Scott Eells | Bloomberg | Getty Images

Wall Street is heading back to work.

Goldman Sachs is planning on having some of its traders and other markets personnel return to offices in the U.S. and London in the next few weeks, executive John Waldron said Wednesday in an investor conference.

“We are beginning the process of returning to our offices around the world,” said Waldron, who is Goldman’s president and chief operating officer. “We are planning for a core group of people in our markets-facing businesses to return in the US and London over the next several weeks.”

Goldman, a top player in global trading and capital markets businesses, sent New York-area employees home in March as lockdowns began in the U.S. The bank’s Wall Street-centric businesses performed well in the first quarter, exceeding analysts’ expectations amid record volatility. Now, some of the 98% of bank employees working from home will begin to return to the bank’s offices in Manhattan, New Jersey and Connecticut.

Waldron said that the firm has already set its return-to-work plan in motion overseas with the goal of “approximately 50% of our people working in our offices in Hong Kong, China and Korea, and approximately 10% in our offices across continental Europe.”

He didn’t specify a percentage of employees expected to return in the U.S., but the figure likely won’t climb above 50% in the near future as social distancing rules will still be in effect. A Goldman spokesman said it would likely be a “small group of people” and that employees who don’t feel comfortable returning will be allowed to continue to work from home.

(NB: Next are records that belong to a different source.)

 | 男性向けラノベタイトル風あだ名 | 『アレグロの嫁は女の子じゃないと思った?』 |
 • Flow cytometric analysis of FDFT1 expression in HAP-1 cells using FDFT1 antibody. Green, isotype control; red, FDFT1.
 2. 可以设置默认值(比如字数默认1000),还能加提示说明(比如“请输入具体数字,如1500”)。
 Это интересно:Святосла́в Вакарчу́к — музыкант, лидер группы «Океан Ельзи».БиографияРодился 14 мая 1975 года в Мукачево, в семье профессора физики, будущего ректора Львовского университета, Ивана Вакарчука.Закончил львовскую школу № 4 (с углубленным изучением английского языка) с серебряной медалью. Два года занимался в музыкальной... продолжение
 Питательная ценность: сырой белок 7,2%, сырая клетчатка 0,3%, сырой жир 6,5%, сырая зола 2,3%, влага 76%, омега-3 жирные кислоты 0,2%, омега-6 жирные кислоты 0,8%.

John Waldron, co-head of the Investment Banking Division, Goldman Sachs

Mike Blake | Reuters

While Wall Street has in general worked far better remotely than it was thought possible before the pandemic, many workers have wondered when they would be able to return to an office environment. The news comes as New York city officials are planning out how to reopen parts of the city as soon as next month. 

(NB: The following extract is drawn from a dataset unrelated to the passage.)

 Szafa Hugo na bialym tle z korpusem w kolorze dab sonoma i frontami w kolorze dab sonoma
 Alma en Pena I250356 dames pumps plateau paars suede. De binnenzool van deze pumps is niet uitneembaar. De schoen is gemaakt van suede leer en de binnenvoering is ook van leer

Later on during the discussion, Waldron explained one reason they are eager to return: Concern that Goldman’s vaunted culture, which leans on in-person collaboration and mentorship of junior personnel, will weaken over months of remote interaction.

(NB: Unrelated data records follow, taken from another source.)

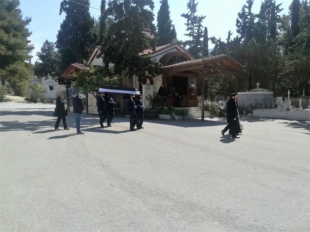 Λιτή τελετή, με έως 5 άτομα στην εκκλησία. Αποστάσεις μεταξύ των συγγενών, ούτε φιλιά, ούτε αγκαλιές ή μια σφικτή χειραψία, που θα δήλωνε το μοίρασμα του πόνου. Δίχως το αποχαιρετιστήριο καφεδάκι ή το καθιερωμένο γεύμα μετά την κηδεία. Το προσωπικό των γραφείων τελετών με μάσκες και γάντια. Ο χώρος του νεκροταφείου άδειος, χωρίς επισκέπτες, πραγματική νεκρόπολη.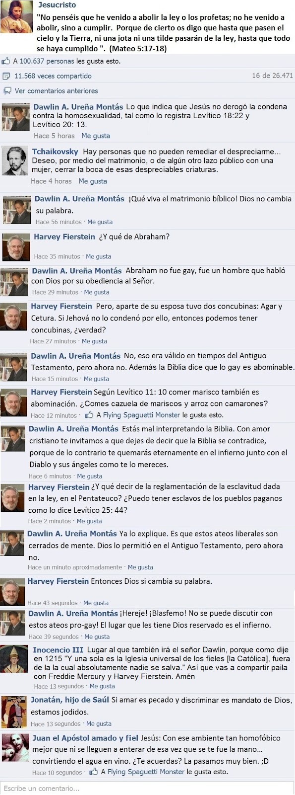14 de April del 2012  Blogs colaboradores, Harvey Fierstein, homofobia, humor, matrimonio homosexual, Papa Inocencio III, Pastor Dawlin Ureña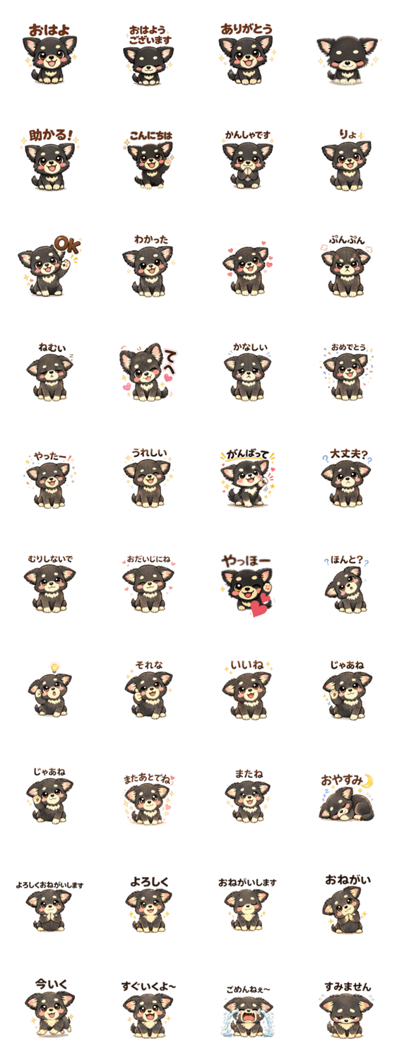かわいい黒チワワのLINEスタンプです。 あいさつ・お礼・お願い・リアクションなど、毎日使いやすい言葉を集めました。 ふわふわチワワが気持ちをかわいく伝えます。
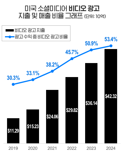 광고주들의 '동영상 광고' 지출이 빠르게 늘어나면서, 소셜미디어들의 광고 매출 중 '동영상 광고'가 차지하는 비율 역시 지속 증가하고 있습니다.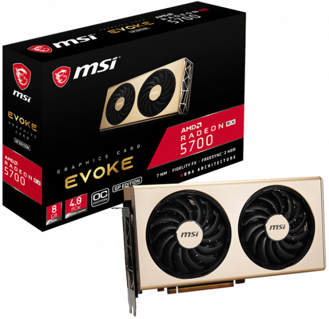 Видеокарта MSI Radeon RX 5700 EVOKE GP 8G OC / 8GB GDDR6 256Bit 1750/14000Mhz, RDNA, SP:2304Units(36CU), 1x HDMI, 3x DisplayPort, Dual fan - EVOKE Thermal design (Zero Frozr/Airflow Control Technology), 6mm Cooper Heatpipes,TORX FAN 3.0, SolidBackPlate, Retail Графический чип: RX 5700 Объем памяти: 8 ГБ Разрядность шины памяти: 256 бит Тип памяти: GDDR6 Тип системы охлаждения: Активная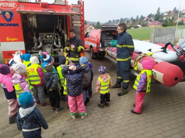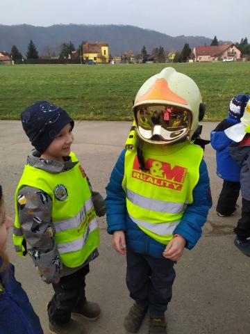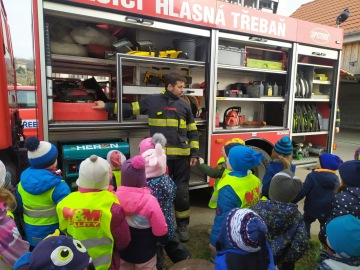 S dětmi jsme se vypravili do místní hlasnotřebaňské hasičárny, kde nám hasiči ukázali, co vše ke své práci potřebují, prohlídli jsme si hasičská auta zevnitř a vyzkoušeli jsme si hasičskou výstroj.

“I worry that it decays over time,” Waldron said. “We are anxious to get some of our people starting to come back into offices and starting to reinvest in the culture and that people-development aspect.”

Overall, though, the coronavirus pandemic has convinced executives to accelerate its plans to automate manual processes with technology and to push more people into back-office sites in cities including Bangalore, Dallas, Salt Lake City and Warsaw, he said.

Right now, about 30% of employees work in these cheaper locations, and that figure “can go up faster” as the bank builds teams focused on cloud technology, data analytics and machine learning. 

“There’s no doubt we can run a more distributed model now,” Waldron said. “We’ve proven to ourselves that we can actually have more people working away from the office location.”